Here's the whole idea in one breath: a chemical change makes genuinely new substances, ones that weren't there before — a physical change doesn't. Melt an ice cube and you've still got water. Burn a candle and you do not still have candle: you've made new gases that float off and never come back.
Two Kinds of Change
Snap a chocolate bar in half — still chocolate, just two pieces. Let it melt in your hand — still chocolate, just runny. You cut, crush, dissolve or melt something and at the end you've got the same stuff in a new shape or state. That's a physical change: nothing new is made, and you can usually get back to where you started.
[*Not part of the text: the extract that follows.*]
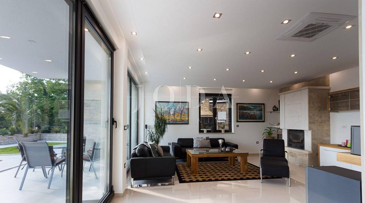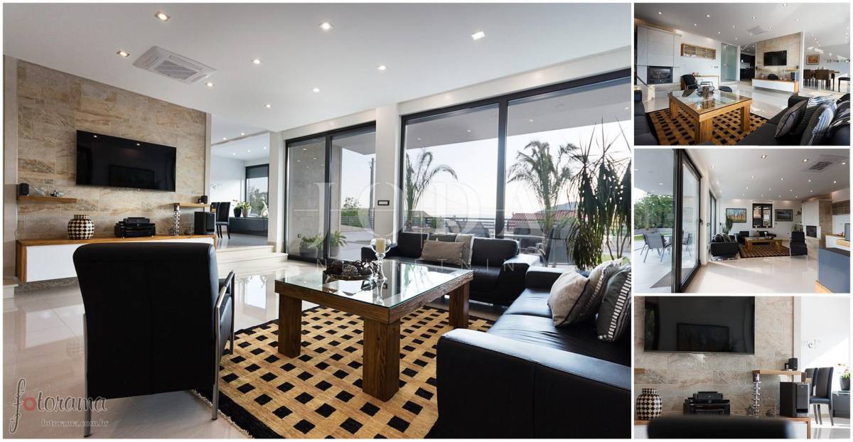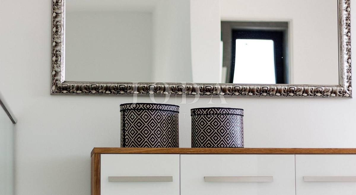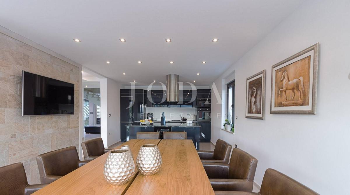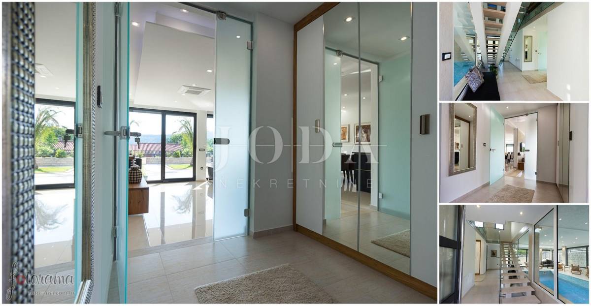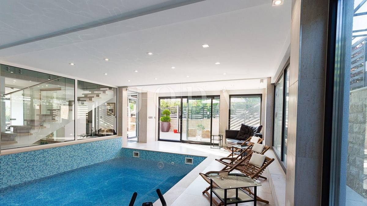 Prekrasna moderna vila na mirnoj lokaciji. Karakterizirana svojim jedinstvenim dizajnom, ova suvremena vila nudi nenadmašan stil i funkcionalnost. Villa se prostire na 350 m2 i sastoji se od prizemlja, prvog i drugog kata. Ima 3 spavaće sobe sa pripadajućim kupaonicama na prvom katu, a jednosoban stan na drugom katu. Prostrani dnevni boravak i vrhunski opremljena kuhinja s blagovaonicom nalazi se u prizemlju kuće. U prizemlju kuće nalazi se i unutarnji bazen i sauna.

Now light the candle on the cake. The wax doesn't just melt — the bit at the flame is burning, combining with oxygen and turning into hot new gases and a wisp of soot. That wax is gone for good. That's a chemical change: the starting substances are used up and new substances take their place. We name the two sides — the things you start with are the reactants, the new things you finish with are the products. Reactants → products.
The Tell-tale Signs
You can't see atoms regrouping, so how do you know new stuff has formed? Chemical changes leave fingerprints. Spot one or more of these and you should suspect a chemical change is happening: a colour change that isn't just mixing paints (shiny iron going to orange rust); bubbles or gas given off when nothing was boiling (fizzing tablets, bread rising); heat or light given out, or sometimes taken in (a flame, a hand-warmer, a firework); a new solid appearing out of two clear liquids — chemists call that a precipitate; and it's usually hard to reverse (you can't un-burn the toast).
None of these alone is proof — boiling water bubbles but makes no new substance — but stack two or three together and you can be confident. In the toy, when you tag an event as chemical, the signs it shows light up so you can see exactly which fingerprints gave it away.